Recent years have witnessed the tremendous progress of operation, control, and learning in multi-agent systems [shoham2008multiagent, wooldridge2009introduction, dimarogonas2011distributed, zhang2018fully, zhang2018finite], where multiple agents strategically interact with each other in a common environment, to optimize either a common or individual long-term return. Despite the substantial interest, most existing algorithms for multi-agent systems suffer from scalability issues, due to their complexity increasing exponentially with the number of agents involved. This issue has precluded the application of many algorithms to systems with even a moderate number of agents, let alone to real-world applications [breban2007mean, couillet2012electrical].
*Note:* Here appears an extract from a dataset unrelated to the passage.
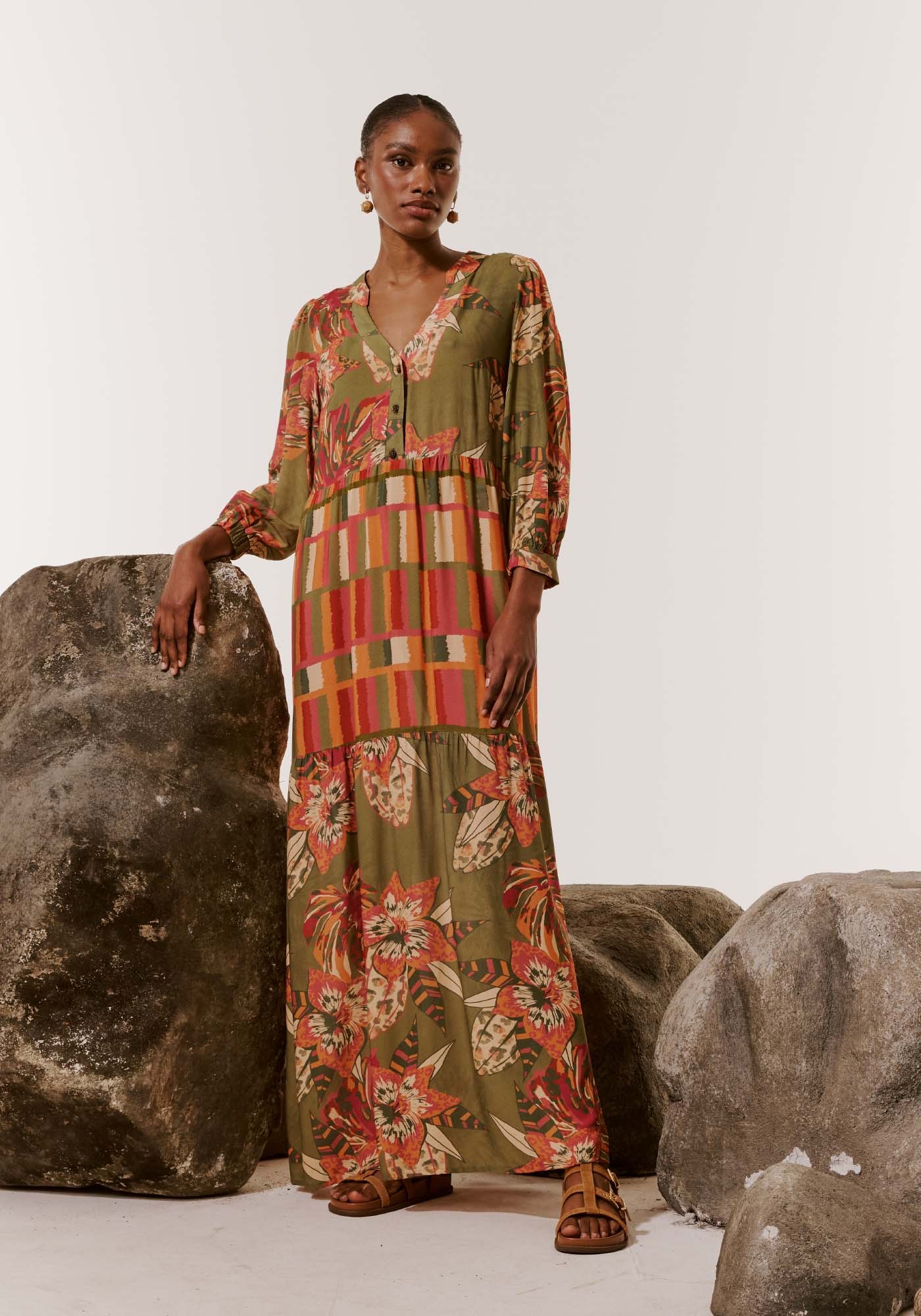 Encantador e sofisticado, estevestido longo é confeccionado com tecido 100% viscose, possui uma estampadiversificada e conta uma gola V que finaliza com três bolsos frontais. Asmangas longas com o detalhe de lastex no punho proporcionam maior conforto eliberdade de movimento. As duas marias no comprimento dão um toque especial deelegância à peça.

One way to address the scalability issue is to view the problem in the context of mean-field games (MFGs), proposed in the seminal works of [huang2006large, huang2003individual] and, independently, [lasry2007mean]. Under the mean-field setting, the interactions among the agents are approximately represented by the distribution of all agents’ states, termed the mean-field, where the influence of each agent on the system is assumed to be infinitesimal in the large population setting. In fact, the more agents are involved, the more accurate the mean-field approximation is, offering an effective tool for addressing the scalability issue. Moreover, following the so-termed Nash certainty equivalence (NCE) principle [huang2006large], the solution to an MFG, referred to as a mean-field equilibrium (MFE), can be determined by each agent computing a best-response control policy to some mean-field that is consistent with the aggregate behavior of all agents. This principle decouples the process of finding the solution of the game into a computational procedure of determining the best-response to a fixed mean-field at the agent level, and an update of the mean-field for all agents. In particular, a straightforward routine for computing the MFE proceeds as follows: first, each agent calculates the optimal control, best-responding to some given mean-field, and then, after executing the control, the states are aggregated to update the mean-field. This routine is referred to as the NCE-based approach, which serves as the foundation for our algorithm.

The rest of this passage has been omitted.